= Albert Rivett (pastor) =

Australian clergyman and pacifist

Rev. Albert Rivett (17 May 1855 – 18 November 1934) was an Australian clergyman and pacifist.

==History==
Albert Rivett, sen., was born in Norwich, England, a son of Amy Rivett, née Riches and her husband, bricklayer William Rivett, who died when Albert was quite young and was brought up in a family of Quakers. He studied theology at Harley College, East London, and in August 1879 was sent to Australia aboard Hesperus by the Colonial Missionary Society. He was first put in charge of the Independent (i.e. Congregationalist) church in Brunswick, Victoria, then Port Esperance in Southern Tasmania, returning to Brunswick in 1887.
His next postings were to churches in Yarrawonga then Beechworth, Victoria in 1896, followed by Albury, New South Wales, and the Whitefield Congregational Church, Protestant Hall, Castlereagh Street, Sydney, in 1908.

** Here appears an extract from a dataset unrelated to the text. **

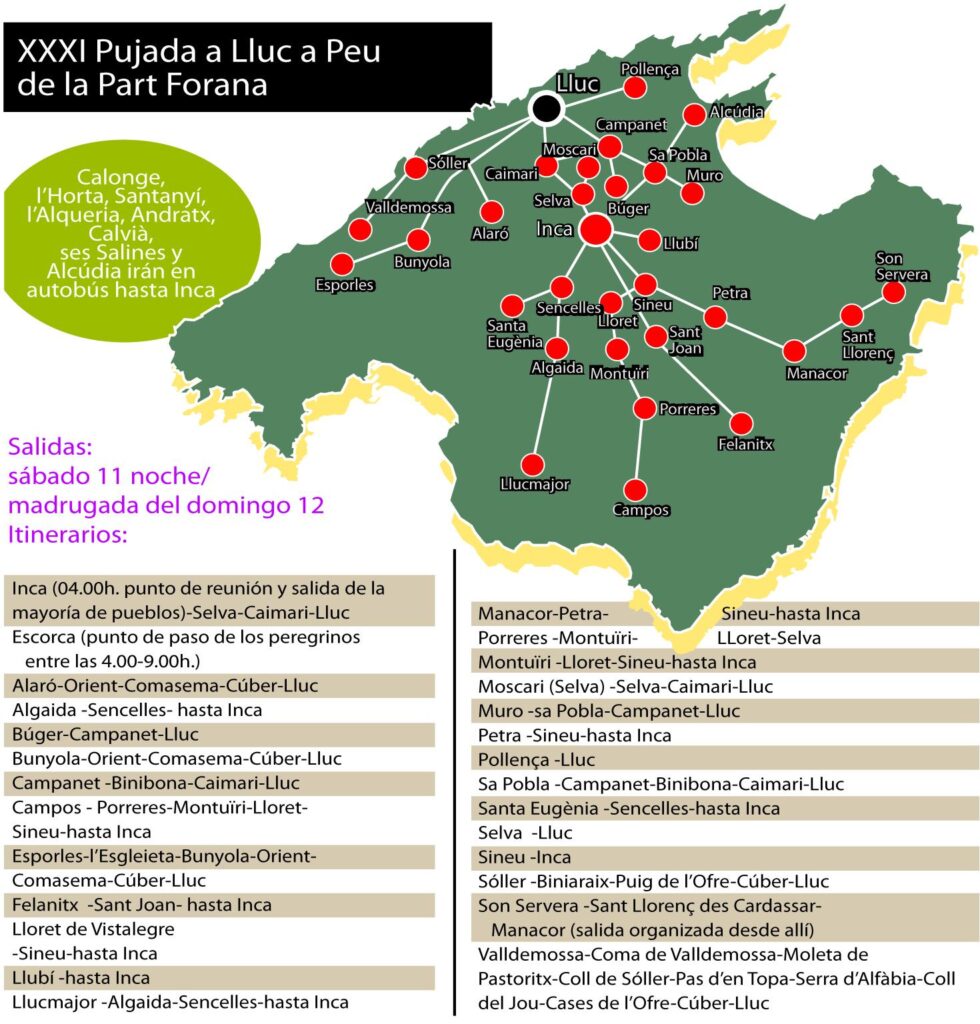 La peregrinación comienza en diferentes pueblos y ciudades de la isla, especialmente en la llamada «Part Forana», la parte rural de Mallorca, fuera de la capital, Palma. Los participantes van en grupos -con amigos, familias o personas afines- y caminan decenas de kilómetros para llegar al monasterio al amanecer.

In 1891, while at Yarrawonga he began publishing a series of monthly magazines titled The Murray Independent, sub-titled "Journal of Applied Christianity" dealing with (amongst other, local, issues) free speech, the abolition of war, of Socialist values and the policies of Henry George. When he moved to Sydney the paper became The Federal Independent.

In 1915 he resigned from Whitefield and the ministry because of the congregation's antagonism to his views on World War I.

Rivett had also opposed the Boer War and was a vocal opponent of Billy Hughes and conscription in 1916–17.

His last campaign was against the Australian Government's support of Fascism and the banning from Australia of the Czehcoslovak journalist Egon Kisch. It was while addressing a crowd of some 5,000 supporters of Kisch at The Domain, Sydney that he collapsed and died.

He had a home "Esperance" at McIntosh Street, Gordon, New South Wales.

==Family==
Rivett married Elizabeth Mary Ann Cherbury (c. 1862 – August 1936), daughter of the (Baptist) Rev. Charles Mortimer Cherbury of Fitzroy, Victoria, on 20 October 1881. Their children included:
- Dr. Sir Albert Cherbury David Rivett (1885–1961), of the Council of Scientific and Industrial Research. He married Stella Deakin, daughter of Alfred Deakin
- Rohan Deakin Rivett (1917–1977), POW and journalist
- Dr Kenneth Deakin Rivett (1923–2004), economist
- Dr. Edward William Rivett (1894–1962) of Macquarie Street, Sydney
- Eleanor Harriet "Nell" "Nellie" Rivett (27 September 1883 – 21 May 1972), Principal of the Girls' High School, Calcutta
- Elsie Grace Rivett (13 September 1887 – 23 May 1964)
- Dr. Olive Rivett (1889–1981) married Rev. J. F. Long, B.A. (died 1955) on 25 September 1914, of the Australian Methodist Mission in Azumgarh
- Dr. Christine Rivett (28 February 1891 – 14 July 1962), medical practitioner, Brisbane

- (Doris) Mary Rivett (4 December 1896 – 15 January 1969) psychologist, married Thomas Matheson on 13 January 1934.

Mary and Elsie ran a children's library at Surry Hills.